**What needs to be done**
Give back each line of the material that contains the word "premium".

-- Opening Marker --

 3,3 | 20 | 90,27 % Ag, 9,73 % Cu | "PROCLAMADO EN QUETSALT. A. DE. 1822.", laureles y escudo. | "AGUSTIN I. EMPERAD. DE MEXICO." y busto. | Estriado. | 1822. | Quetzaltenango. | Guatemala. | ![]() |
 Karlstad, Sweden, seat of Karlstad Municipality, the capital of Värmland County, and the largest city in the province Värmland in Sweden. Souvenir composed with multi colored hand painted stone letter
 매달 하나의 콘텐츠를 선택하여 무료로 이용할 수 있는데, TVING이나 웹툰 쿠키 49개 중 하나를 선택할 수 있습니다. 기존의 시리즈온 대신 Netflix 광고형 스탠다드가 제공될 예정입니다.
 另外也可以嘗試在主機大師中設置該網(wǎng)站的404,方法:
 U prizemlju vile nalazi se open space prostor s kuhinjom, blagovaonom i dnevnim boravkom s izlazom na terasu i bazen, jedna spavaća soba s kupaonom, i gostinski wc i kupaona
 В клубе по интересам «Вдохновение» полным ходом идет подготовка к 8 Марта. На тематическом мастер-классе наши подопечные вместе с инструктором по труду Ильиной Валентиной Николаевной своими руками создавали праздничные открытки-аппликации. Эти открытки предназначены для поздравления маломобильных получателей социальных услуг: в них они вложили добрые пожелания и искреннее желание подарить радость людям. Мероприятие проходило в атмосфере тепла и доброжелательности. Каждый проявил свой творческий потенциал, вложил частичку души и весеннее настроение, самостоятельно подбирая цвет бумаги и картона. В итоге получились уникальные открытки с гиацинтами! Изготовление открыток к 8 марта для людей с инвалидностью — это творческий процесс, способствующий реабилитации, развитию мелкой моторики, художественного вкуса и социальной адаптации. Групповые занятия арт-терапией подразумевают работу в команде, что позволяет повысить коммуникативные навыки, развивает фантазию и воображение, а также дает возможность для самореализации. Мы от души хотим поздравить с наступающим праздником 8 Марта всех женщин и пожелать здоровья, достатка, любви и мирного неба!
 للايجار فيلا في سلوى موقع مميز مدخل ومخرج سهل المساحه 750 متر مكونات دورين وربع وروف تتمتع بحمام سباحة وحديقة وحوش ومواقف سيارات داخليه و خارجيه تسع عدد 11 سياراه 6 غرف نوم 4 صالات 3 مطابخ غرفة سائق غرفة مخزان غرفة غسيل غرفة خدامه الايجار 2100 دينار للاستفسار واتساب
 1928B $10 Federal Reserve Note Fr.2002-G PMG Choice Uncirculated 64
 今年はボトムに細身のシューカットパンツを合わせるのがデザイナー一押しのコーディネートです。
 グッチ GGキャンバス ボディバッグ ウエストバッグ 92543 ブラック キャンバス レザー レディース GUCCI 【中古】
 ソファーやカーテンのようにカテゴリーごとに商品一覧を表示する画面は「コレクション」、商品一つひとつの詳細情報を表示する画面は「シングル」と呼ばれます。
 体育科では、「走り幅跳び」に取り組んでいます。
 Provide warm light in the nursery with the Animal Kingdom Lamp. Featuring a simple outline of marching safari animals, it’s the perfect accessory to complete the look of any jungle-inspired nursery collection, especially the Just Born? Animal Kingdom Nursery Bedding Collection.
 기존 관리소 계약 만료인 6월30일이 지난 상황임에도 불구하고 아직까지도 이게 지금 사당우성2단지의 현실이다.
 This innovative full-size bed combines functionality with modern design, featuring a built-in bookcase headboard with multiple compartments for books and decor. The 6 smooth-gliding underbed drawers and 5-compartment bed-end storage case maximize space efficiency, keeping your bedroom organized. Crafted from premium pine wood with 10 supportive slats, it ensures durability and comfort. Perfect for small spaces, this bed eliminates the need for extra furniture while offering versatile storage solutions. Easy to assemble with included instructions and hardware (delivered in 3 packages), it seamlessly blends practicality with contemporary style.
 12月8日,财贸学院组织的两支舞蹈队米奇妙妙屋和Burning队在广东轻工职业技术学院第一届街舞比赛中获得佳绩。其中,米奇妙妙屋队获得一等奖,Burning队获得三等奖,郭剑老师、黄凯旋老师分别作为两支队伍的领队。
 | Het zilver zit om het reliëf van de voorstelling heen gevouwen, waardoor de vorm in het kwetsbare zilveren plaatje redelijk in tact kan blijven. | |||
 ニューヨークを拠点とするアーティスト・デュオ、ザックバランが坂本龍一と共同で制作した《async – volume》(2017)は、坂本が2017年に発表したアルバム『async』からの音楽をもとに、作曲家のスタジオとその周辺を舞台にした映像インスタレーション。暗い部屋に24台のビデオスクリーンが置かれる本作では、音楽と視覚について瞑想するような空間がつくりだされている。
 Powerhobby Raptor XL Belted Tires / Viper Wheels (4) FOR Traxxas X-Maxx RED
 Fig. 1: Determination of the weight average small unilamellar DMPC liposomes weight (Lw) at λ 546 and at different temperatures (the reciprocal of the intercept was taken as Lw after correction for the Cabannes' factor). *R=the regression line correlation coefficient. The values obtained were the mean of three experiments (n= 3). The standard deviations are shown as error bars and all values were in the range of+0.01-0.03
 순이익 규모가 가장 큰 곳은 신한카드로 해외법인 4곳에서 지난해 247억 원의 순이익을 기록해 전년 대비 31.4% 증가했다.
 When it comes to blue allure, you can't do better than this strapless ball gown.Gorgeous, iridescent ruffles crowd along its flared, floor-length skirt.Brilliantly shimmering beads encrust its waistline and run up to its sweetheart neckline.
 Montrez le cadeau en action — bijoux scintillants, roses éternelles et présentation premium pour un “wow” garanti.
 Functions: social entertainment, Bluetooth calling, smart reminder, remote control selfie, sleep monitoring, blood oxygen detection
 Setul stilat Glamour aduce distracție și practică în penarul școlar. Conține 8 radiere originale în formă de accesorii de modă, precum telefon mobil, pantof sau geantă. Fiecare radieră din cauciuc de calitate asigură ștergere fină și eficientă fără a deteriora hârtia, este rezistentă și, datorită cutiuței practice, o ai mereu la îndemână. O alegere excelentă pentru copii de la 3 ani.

-- Closing Marker --

**Response area**
 This innovative full-size bed combines functionality with modern design, featuring a built-in bookcase headboard with multiple compartments for books and decor. The 6 smooth-gliding underbed drawers and 5-compartment bed-end storage case maximize space efficiency, keeping your bedroom organized. Crafted from premium pine wood with 10 supportive slats, it ensures durability and comfort. Perfect for small spaces, this bed eliminates the need for extra furniture while offering versatile storage solutions. Easy to assemble with included instructions and hardware (delivered in 3 packages), it seamlessly blends practicality with contemporary style.
 Montrez le cadeau en action — bijoux scintillants, roses éternelles et présentation premium pour un “wow” garanti.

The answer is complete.